RG6 with RCA adaptors works just fine for a sub cable. It's what I use.


----------



## Anthony (Oct 5, 2006)

Or eliminate the middleman and get a direct compression RCA like the F-Conn series. You have to get a special tool for the crimping, but TechToolSupply carries a generic one for $30 that will crimp just about any type of compression connector.

It goes on RG6 or RG59 cable and they have RCA, BNC, and F type connectors. I recommend them for speedy installs, although I like Canare stuff for my non-in-wall interconnects. Also be sure to get the $6 strip tool. It automatically does the 1/4 - 1/4 - 1/4 strip of the RG cable (which you need anyways for any type of crimp/compression).

Good luck.


----------



## tonyvdb (Sep 5, 2007)

don5738 said:


> can RG6 cable be used with sub woofer with adapter for RCA jacks? I was told it works well.

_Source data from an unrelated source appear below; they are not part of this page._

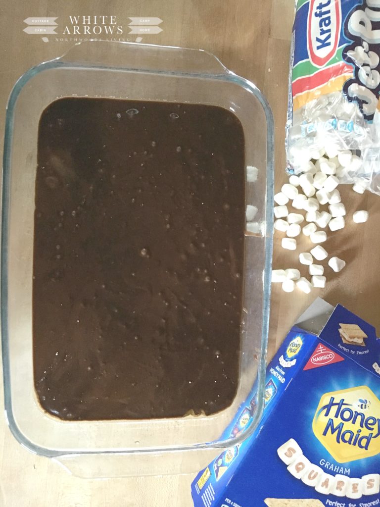 I start with a box of brownie mix and make it according to package directions pouring it into a greased 9×13 casserole dish.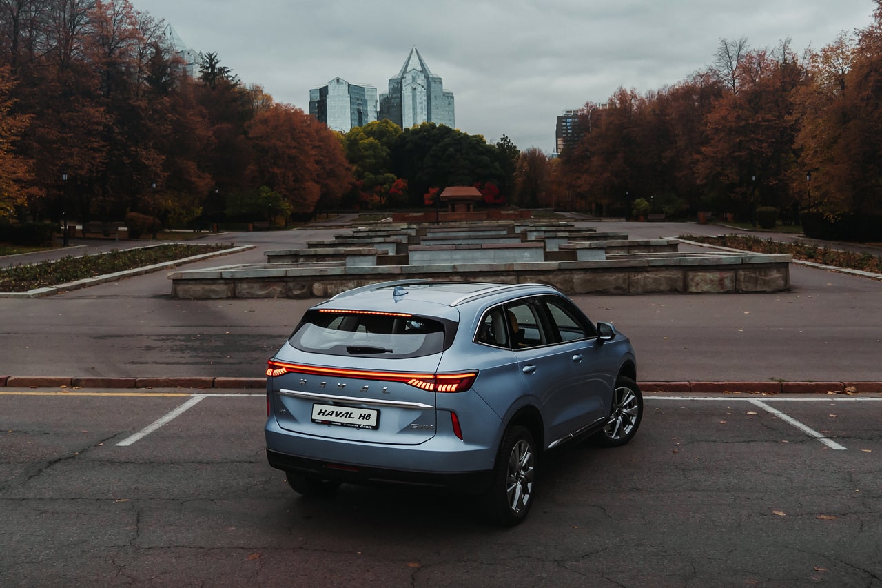 Задняя часть Haval H6 оснащена современными светодиодными фонарями, которые соединены между собой светящейся линией, создающей эффект целостности и ширины автомобиля. Бампер имеет интегрированные выхлопные трубы и защитную накладку, подчеркивающую внедорожный характер кроссовера.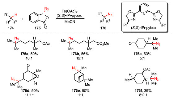 A reação de azidação foi seletiva para ligação C-H terciária mais rica em elétrons, resultando em rendimento moderado para o isômero isolado, como em 176a e 176b. Para ambos os exemplos a seletividade favoreceu a ligação C-H mais distante do retirador de elétrons. Tal reatividade também foi observada em compostos cíclicos 176c e a oxidação ocorreu na ligação C-H terciária mais rica eletronicamente, e com uma seletividade maior para a ligação C-H mais distante da cetona, fornecendo o produto em 53% de rendimento. Esse método também se mostrou tolerante à presença de epóxidos e anéis de quatro membros 176d e 176e, também com rendimentos de moderados a bons. Para o produto 176d, a reação foi bastante seletiva, funcionalizando a ligação C-H do grupo isopropila. Para o produto 176e, mesmo com o alto rendimento, não foi seletiva a ponto de o produto não apresentar excesso diastereoisomérico. Em casos em que as ligações C-H eram eletronicamente similares, como 176f, apesar de ser menos acessível estericamente, a flexibilidade conformacional do grupo isopropila promove a azidação seletiva da ligação C-H da mesma.58 O mecanismo da reação, proposto pelo grupo de pesquisas de Hartwig em uma publicação recente,59 mostra que ocorre primeiramente a quebra homolítica da ligação I-N do composto 175, formando os radicais 177 e »N3, e ambos são responsáveis pela abstração do átomo de hidrogênio (do inglês hydrogem atom abstraction, HAA), formando o ácido carboxílico 178, HN3 e o intermediário radicalar 179. No ciclo catalítico do ferro, o [Fen] reage com o 175, podendo formar diretamente o complexo [Fe111]-N3 ou o complexo 180, nesse caso ocorrendo a troca de ligante com HN3, convergindo ao mesmo complexo [FeIn]-N3. Este complexo é o responsável por reagir com o radical 179, fornecendo o produto 176 e o complexo [Fe11], completando o ciclo catalítico (Esquema 38).

RG56 or 6 works very well as an audio or video cable. The extra shielding it provides is a good thing.


----------



## ACGREEN (Feb 23, 2007)

It is what I am using for my in-wall sub cables. It works fine.


----------



## lcaillo (May 2, 2006)

tonyvdb said:


> RG56 or 6 works very well as an audio or video cable. The extra shielding it provides is a good thing.



I am sure you meant RG59. Not a lot of RCA adapters for RG56.:bigsmile:


----------